The next morning there will be ear-pulling and long sermons about leaving stale candle wax stumps all over the potted plants and driveway. But we do it again, year after year after year. The adults are way too busy watching Hong Kong serials while sipping tea and eating mooncakes indoors to bother much about we do anyway.

Now that I'm in my thirties, we've done away with lanterns. I don't think the younger children get to roam around the streets much as well, in view of the deterioration of public safety over the years. I suppose parents just get them battery-operated lanterns in shapes of Disney Princesses or Ben 10 and they play within their condo or gated community compound. Or maybe now kids send virtual lanterns on facebook, who knows right?

What I find most interesting about the evolution of this festival is the mooncake, we will get to that in a while after this introduction. Mooncakes are sweet baked delicacies made from lotus paste, sunflower seeds and occasionally with a salted egg yolk for that savory flavor. The roundness signifies the moon and I guess the sweetness and stickiness symbolizes family unity. For more on the history and myhtical stories behind the Mid Autumn Festival, Wiki here.

I make it a point to buy a box of mooncake for mum every year as the festival approaches. She loves those sickeningly sweet cakes. I don't find them particularly healthy and the cloying sweetness can really get to you so I usually avoid them , or worse, I'll dig out the precious salted egg yolk from the centre and secretly dispose of the rest. Anyway, I was One Utama two weeks back and they had a 'mooncake fair' where just about every bakery in town were displaying their flair with mooncakes in elaborately decorated booths. I was amazed at the effort and creativity put into this. Flavors like coffee, green tea, red bean and sesame are an acceptable development probably since the last five years or so. Bakeries have moved with the times to launch 'fat-free', 'less sweet', 'vegetarian', healthier options for a while now. Plain lotus paste and double yolk are almost passe; a thing of the past!

So, even non-mooncake-eating me succumbed and got myself some really unique mooncakes .... brace yourself, I got me 2 mooncakes from a bakery I've never heard of; Yong Sheng (and this is not a sponsored post!I just thought these guys really deserve the credit for these yummy stuff). These are what I got; Scallop Mooncake and Message of Love. What are they exactly?



Message of Love
Dragon fruit lotus paste with mochi, lychee pudding & cranberry. Seriously, I was like "are these guys for real?"
My verdict: acceptable sweetness with a fruity tang and distinctive lychee taste.




Scallop Mooncake
Lotus paste mooncake filled with mushroom scallops paste. The savory paste is enveloped in a thin bubble of white mochi in the centre of the lotus paste. I was skeptical as anything until they let you 'test' it on the spot. I did and was sold.
My verdict: I love the slightly fishy dried scallop taste, the savory centre balances the sweet lotus paste unbelievably well.

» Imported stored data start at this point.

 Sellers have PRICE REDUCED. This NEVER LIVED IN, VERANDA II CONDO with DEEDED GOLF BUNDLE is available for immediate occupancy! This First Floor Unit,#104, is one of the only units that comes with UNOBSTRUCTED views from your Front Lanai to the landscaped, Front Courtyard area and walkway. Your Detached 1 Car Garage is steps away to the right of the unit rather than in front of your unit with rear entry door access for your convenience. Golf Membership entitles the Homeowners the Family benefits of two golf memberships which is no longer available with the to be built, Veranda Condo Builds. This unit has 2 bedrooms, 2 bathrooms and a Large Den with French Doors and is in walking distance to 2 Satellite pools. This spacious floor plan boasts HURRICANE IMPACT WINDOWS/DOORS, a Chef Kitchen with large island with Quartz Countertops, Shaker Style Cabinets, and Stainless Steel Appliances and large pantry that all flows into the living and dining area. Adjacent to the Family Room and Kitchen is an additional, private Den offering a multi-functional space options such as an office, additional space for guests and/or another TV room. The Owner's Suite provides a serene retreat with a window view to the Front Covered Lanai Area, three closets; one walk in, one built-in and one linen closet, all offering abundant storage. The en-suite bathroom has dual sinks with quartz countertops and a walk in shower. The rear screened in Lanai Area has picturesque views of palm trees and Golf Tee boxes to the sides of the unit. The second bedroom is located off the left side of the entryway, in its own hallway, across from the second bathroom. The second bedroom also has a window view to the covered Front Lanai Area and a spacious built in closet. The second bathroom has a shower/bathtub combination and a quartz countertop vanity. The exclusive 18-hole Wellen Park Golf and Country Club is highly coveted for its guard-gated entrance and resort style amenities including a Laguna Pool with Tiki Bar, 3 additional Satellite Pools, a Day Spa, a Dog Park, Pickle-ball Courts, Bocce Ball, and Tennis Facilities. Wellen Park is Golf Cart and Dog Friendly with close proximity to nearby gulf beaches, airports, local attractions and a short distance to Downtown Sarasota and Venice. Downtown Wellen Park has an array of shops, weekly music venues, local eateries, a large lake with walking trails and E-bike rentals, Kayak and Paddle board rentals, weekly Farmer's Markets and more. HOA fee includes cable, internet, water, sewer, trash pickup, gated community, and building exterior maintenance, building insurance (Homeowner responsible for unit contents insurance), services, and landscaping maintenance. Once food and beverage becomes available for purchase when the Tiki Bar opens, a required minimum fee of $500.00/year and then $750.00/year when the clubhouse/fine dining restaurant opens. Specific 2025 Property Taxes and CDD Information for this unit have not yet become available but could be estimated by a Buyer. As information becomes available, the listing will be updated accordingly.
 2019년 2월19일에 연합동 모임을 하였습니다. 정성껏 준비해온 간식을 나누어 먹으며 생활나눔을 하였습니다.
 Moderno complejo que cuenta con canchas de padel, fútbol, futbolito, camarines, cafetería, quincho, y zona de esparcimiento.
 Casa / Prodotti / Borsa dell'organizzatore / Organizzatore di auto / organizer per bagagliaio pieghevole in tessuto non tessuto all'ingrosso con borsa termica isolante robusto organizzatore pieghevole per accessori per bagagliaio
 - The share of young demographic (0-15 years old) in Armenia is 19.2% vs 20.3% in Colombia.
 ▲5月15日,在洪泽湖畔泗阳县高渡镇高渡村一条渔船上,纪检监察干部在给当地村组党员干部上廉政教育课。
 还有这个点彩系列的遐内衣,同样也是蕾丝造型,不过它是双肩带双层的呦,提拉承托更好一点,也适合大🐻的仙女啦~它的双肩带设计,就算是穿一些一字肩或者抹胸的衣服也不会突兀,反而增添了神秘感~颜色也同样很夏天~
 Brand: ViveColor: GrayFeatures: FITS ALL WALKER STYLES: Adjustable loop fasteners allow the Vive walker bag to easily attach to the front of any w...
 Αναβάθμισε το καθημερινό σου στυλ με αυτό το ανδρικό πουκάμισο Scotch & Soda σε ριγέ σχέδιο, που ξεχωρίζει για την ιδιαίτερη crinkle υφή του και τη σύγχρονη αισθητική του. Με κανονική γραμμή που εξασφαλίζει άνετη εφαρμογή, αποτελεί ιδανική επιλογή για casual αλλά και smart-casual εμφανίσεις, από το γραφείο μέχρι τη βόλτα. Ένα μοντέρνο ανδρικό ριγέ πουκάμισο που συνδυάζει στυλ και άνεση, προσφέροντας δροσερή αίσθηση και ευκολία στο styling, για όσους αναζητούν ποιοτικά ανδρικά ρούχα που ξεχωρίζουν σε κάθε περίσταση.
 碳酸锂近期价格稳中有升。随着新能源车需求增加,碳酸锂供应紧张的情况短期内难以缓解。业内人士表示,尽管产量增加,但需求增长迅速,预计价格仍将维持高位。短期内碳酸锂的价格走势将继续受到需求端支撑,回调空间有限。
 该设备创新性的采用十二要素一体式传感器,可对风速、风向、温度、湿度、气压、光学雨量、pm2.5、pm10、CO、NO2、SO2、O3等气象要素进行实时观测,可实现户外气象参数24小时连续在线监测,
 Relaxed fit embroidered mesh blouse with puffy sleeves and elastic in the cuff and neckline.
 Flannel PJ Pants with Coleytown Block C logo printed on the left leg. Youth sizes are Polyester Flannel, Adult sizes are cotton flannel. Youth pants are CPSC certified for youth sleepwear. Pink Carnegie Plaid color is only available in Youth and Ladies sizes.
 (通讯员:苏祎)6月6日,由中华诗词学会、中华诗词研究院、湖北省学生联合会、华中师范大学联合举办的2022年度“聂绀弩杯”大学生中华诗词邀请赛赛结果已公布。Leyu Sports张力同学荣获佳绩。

I liked the scallop one so much, a week later I got myself their Nonya Sambal mooncake. It's so fabulous; sweet, spicy, savory with a hint of shrimp and 'belacan' ... totally exceptional!

Well, I wonder what kind of 'innovative' mooncakes we will have next year. Culture and lifestyle has evolved so much that I can't begin to imagine how we will celebrate this festival in ten years to come. All I know for sure is, I will faithfully cart a box of mooncakes to mum, traditions do and always will keep people together, and that is what I really like about this festival. Plus the excuse to pig out on interesting mooncakes of course.

Have a sweet Mid Autumn celebration everyone!

7 comments:

Mrs Top Monkey said...

Yong Sheng is this famous shop in Muar town. They make an absolute fortune selling mooncakes and other traditional Chinese pastries.

My dad got Connor a modern lantern bec I didn't want my little boy going up in flames together with his traditional lantern. It was a helicopter that lit up and had all sorts of noises. Scared Connor to bits the first time we put it on. LOL But next year, when he walks more steadily, I will buy him a traditional lantern and cerita to him the same stuff you've just posted about our childhood Mid Autumn Festival celebrations.

Alice Teh said...

This is an interesting post! I am not a big fan of mooncake but if offered some, I definitely don't mind eating them. I love the story behind the festival.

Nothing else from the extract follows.